If they see it as a shield that’s meant to protect them from all things nefarious — past, present and future — then they’re not going to accept these explanations.
But if they view ad verification companies as seatbelts — adjustable to fit various brand preferences while ensuring security and compliance — then the stance might be more palatable.
Either way, ad execs are starting to feel the itch to take action. They know it’s time to at least explore other alternatives.
Sometimes that itch leads to marketers ditching ad verification firms altogether. Other times, they’re picking and choosing, keeping them for some tasks and cutting them out for others.
“We’ve advised our clients to use the various analytics platforms (think Adalytics and Fou Analytics) versus the so-called ad verification companies,” said Jay Friedman, CEO of independent media and marketing services firm Goodway Group.
Not everyone will take this advice, of course. Relaxing brand safety standards is risky business. The potential downsides? Tone-deaf messages, consumer backlash, negative associations and public shaming. But for the marketers who are weighing up their options, the alternatives Friedman is talking about could pay dividends. They highlight where ad dollars are being wasted, helping marketers avoid those spots and focus on the right places instead.

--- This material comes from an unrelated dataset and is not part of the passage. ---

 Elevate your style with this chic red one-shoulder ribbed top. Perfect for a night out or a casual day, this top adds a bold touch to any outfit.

Meaning, there’s less need to block ads from sketchy sites in the first place. That’s the idea, anyway.
As Friedman puts it: “We have seen significantly improved controls over where we were buying before as a result of using analytics platforms compared to where we were before.”
Time will tell if more marketers follow this trend. Either way, expecting them to ditch ad verification companies en masse anytime soon is wishful thinking.

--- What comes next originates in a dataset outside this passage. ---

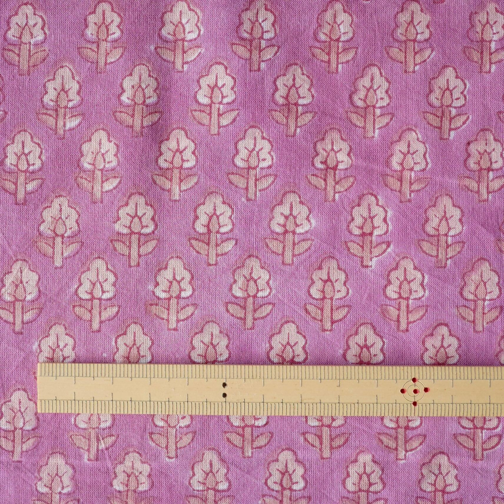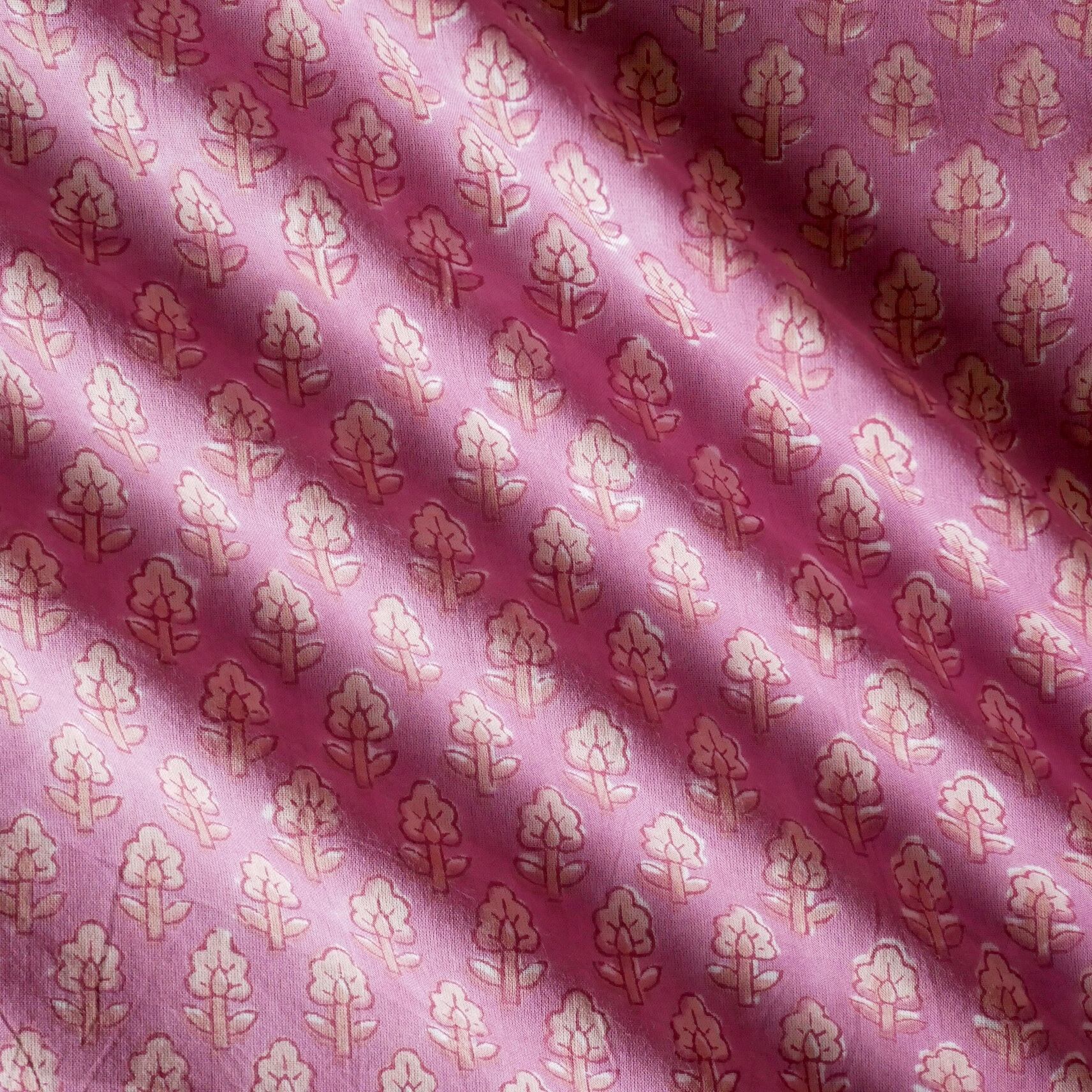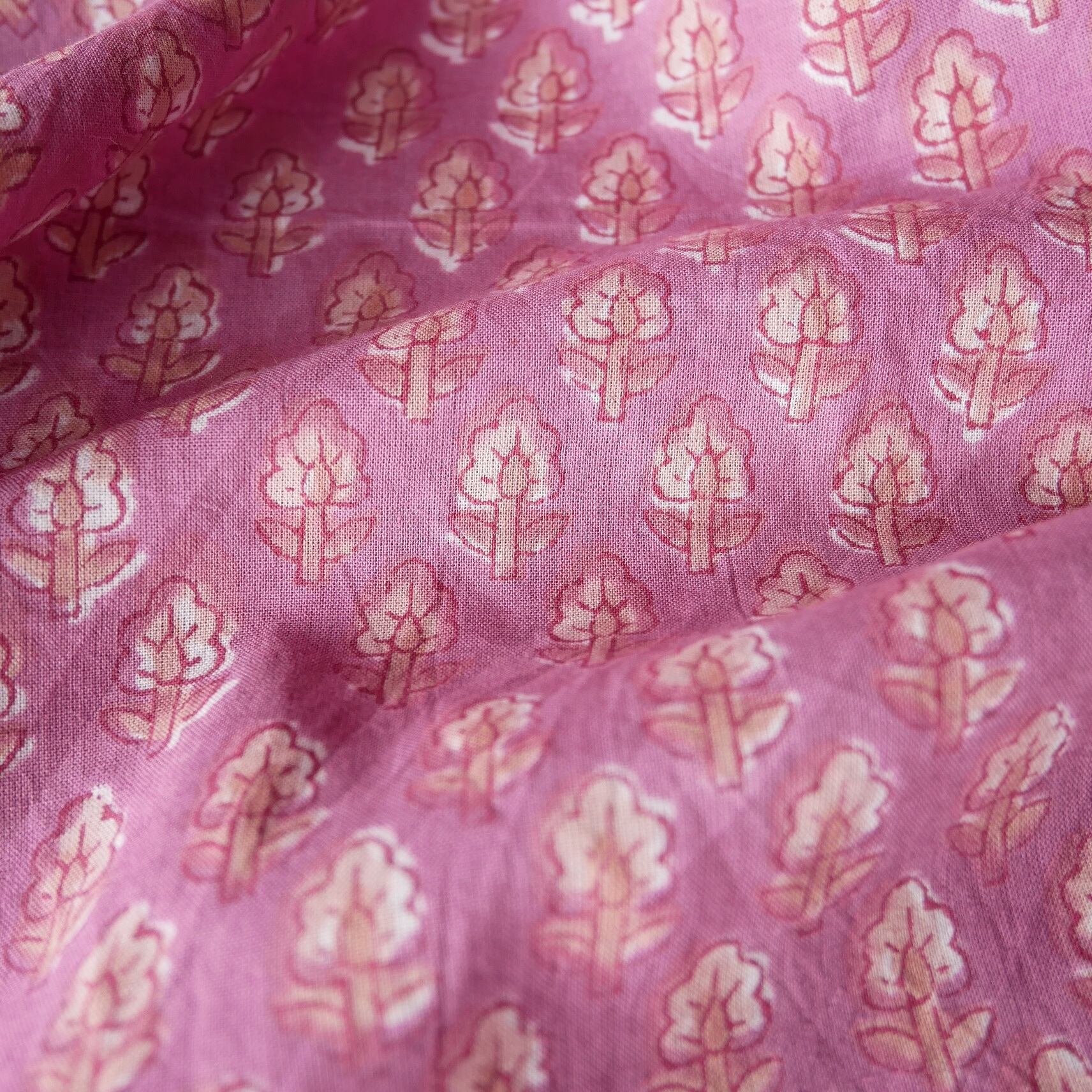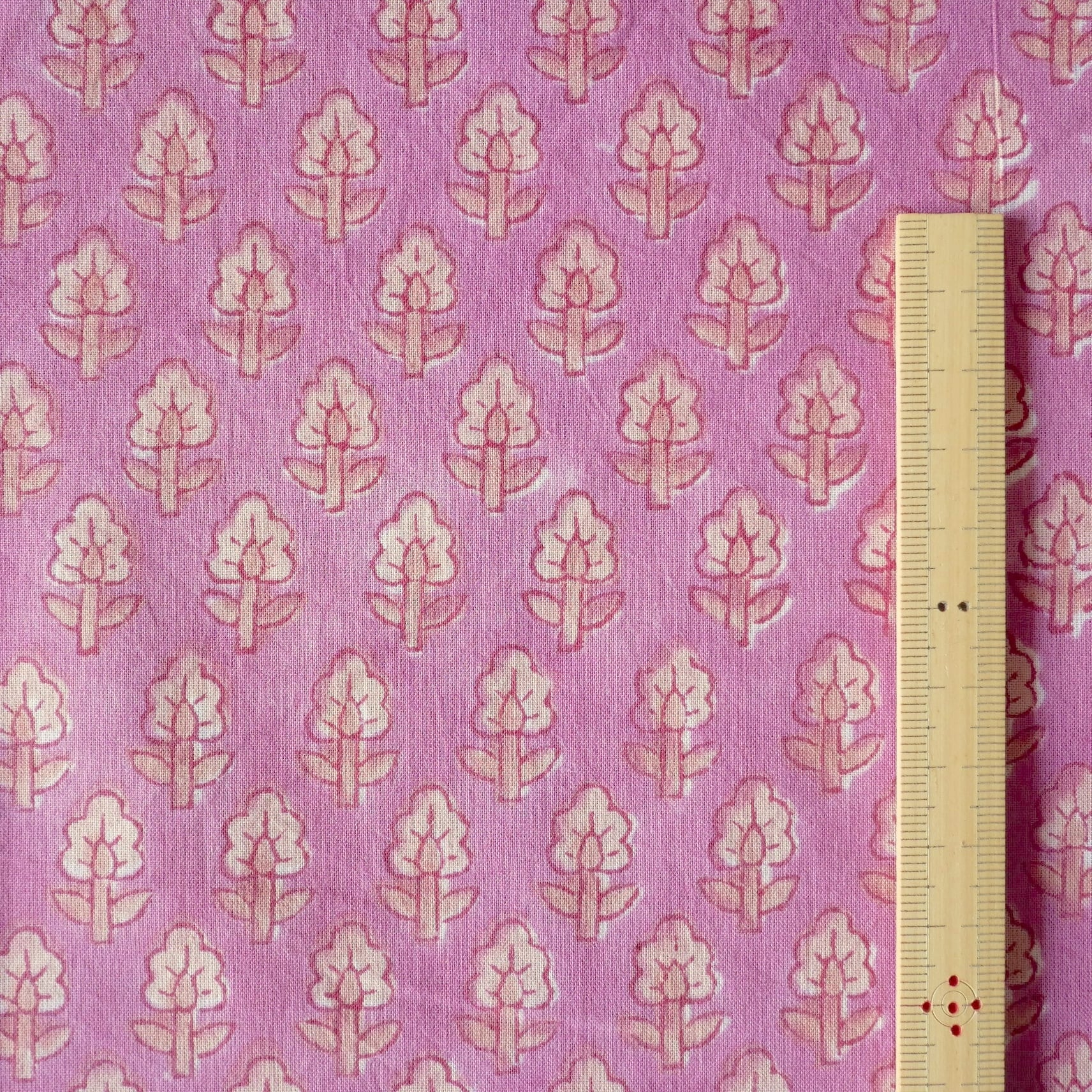 ハンドブロックプリント生地 インド更紗 綿生地 モーヴピンク系ベース×小さな植物モチーフ 薄手コットン JE-250408

For one, there would be unintended consequences.
Like it or not, these companies are entrenched in digital ad buying. Walking away from them stirs up fears about brand reputation risks, wasted ad spend and lack of transparency. And that’s before dealing with the operational chaos.
Switching ad vendors could mess up campaign measurement and optimization, and even breach contracts with media owners and platforms that demand third-party verification.

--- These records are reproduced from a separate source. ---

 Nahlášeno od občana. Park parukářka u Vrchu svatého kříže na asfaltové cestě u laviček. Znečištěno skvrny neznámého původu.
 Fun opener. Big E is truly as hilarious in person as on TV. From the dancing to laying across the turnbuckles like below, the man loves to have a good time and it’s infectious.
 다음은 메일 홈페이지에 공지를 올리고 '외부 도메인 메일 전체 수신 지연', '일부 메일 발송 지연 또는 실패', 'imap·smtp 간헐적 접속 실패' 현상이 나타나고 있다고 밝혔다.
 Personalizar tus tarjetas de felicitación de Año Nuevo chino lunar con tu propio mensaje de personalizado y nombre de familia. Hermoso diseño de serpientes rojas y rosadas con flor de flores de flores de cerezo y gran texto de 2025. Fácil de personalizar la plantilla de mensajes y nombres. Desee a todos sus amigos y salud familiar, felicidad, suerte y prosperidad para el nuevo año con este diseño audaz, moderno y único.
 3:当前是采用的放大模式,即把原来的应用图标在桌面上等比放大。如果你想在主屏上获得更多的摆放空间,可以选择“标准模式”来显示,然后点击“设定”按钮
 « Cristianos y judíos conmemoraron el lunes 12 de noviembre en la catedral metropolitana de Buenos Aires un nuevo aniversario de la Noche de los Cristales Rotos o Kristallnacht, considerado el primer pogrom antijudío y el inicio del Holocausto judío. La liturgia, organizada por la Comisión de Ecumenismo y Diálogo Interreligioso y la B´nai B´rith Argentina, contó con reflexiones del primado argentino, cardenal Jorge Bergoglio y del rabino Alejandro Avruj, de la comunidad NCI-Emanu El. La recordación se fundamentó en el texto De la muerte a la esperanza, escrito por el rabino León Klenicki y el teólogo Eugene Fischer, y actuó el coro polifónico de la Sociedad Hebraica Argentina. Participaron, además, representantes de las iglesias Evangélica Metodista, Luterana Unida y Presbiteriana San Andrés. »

That some advertisers are even considering this despite all the hassle speaks volumes about their frustration. They’re trying to manage those concerns by compromising and finding different tools to address various problems, rather than doing something too drastic.
And if that means using something as clumsy or random — in their eyes anyway — as traditional verification tech, so be it. As long as they’re not solely reliant on it, they can make it work.
Havas certainly has.
“We have a multi-layered approach to verification and aren’t relying on one partner to solve everything,” said Sarah Karges, svp of performance investment at Havas Media Network. “What we’re trying to address here in programmatic are industry issues. Rarely is there something that’s down to one platform. Having an interoperable approach is our response to this and has been for several years now.”
To this point, maybe all the current chatter and concerns around ad verification signal a recalibration, not a revolution. Sure, some marketers will ditch these technologies for all the reasons mentioned, but many more won’t — at least not entirely.
If that happens, at least marketers can manage their expectations about what typical ad verification tools can actually do. One interesting thread in these renewed discussions is that, sometimes, those frustrations are misplaced.
However, ID spoofing, MFAs and other issues will continue to cast doubt on companies like DoubleVerify and Integral Ad Science. These concerns are heightened by their dual role in serving both sides of the market, raising questions about conflicts of interest. While the current focus is on the shortcomings of ad verification tech, it’s naive to think this will always be the case.